TASK STATEMENT. Output the first line of the listing and each line after it, up to and including the line that contains "Кожаная нагрудная сумка, сумка-слинг", exactly as written, minus the pictures.

DATA EXTRACT.
=== Section Start ===
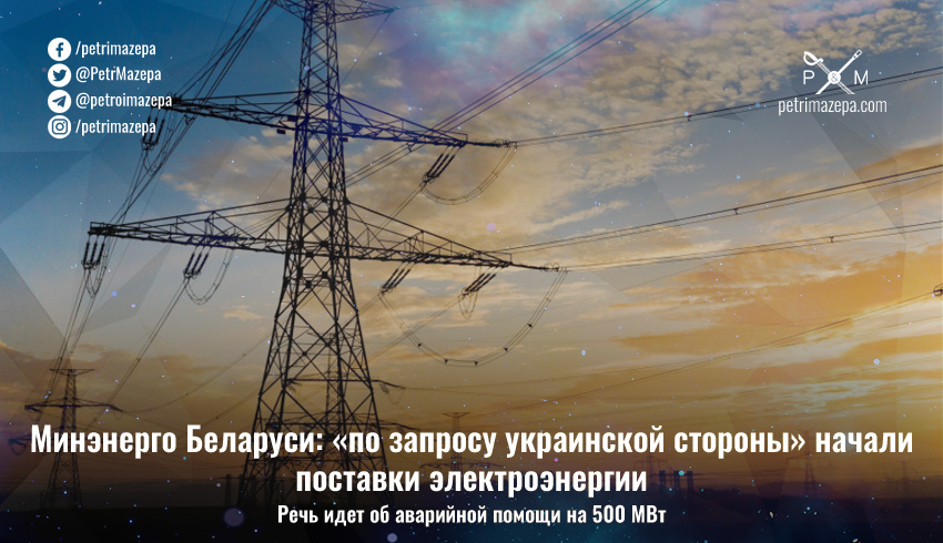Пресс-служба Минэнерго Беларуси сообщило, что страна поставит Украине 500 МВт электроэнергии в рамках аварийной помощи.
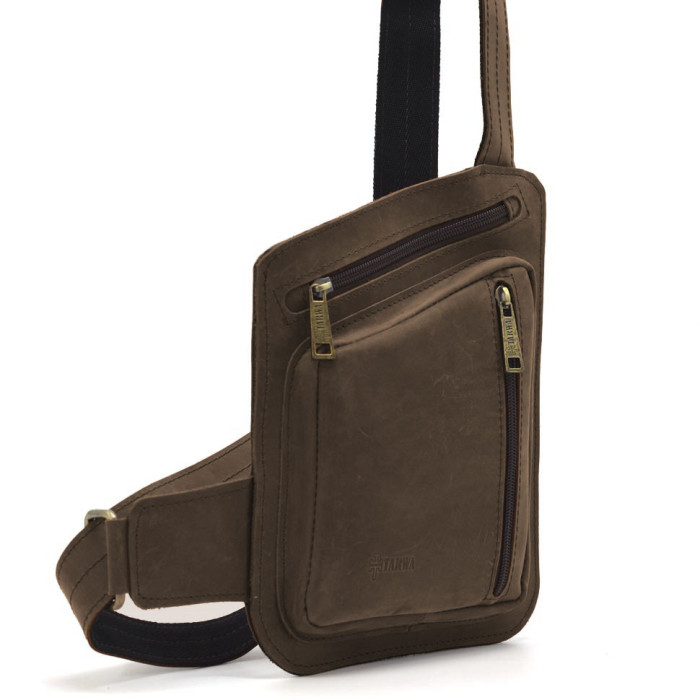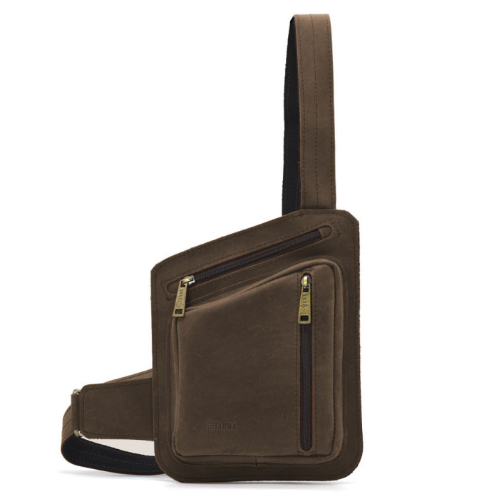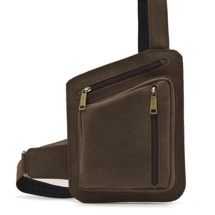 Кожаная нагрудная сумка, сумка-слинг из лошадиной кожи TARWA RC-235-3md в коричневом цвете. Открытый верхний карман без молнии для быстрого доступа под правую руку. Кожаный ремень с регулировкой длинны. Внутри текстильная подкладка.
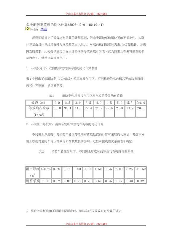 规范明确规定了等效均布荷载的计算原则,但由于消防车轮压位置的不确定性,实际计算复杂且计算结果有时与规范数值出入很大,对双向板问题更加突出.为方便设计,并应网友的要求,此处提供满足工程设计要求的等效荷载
=== Section End ===
ANSWER SECTION.
Пресс-служба Минэнерго Беларуси сообщило, что страна поставит Украине 500 МВт электроэнергии в рамках аварийной помощи.
 Кожаная нагрудная сумка, сумка-слинг из лошадиной кожи TARWA RC-235-3md в коричневом цвете. Открытый верхний карман без молнии для быстрого доступа под правую руку. Кожаный ремень с регулировкой длинны. Внутри текстильная подкладка.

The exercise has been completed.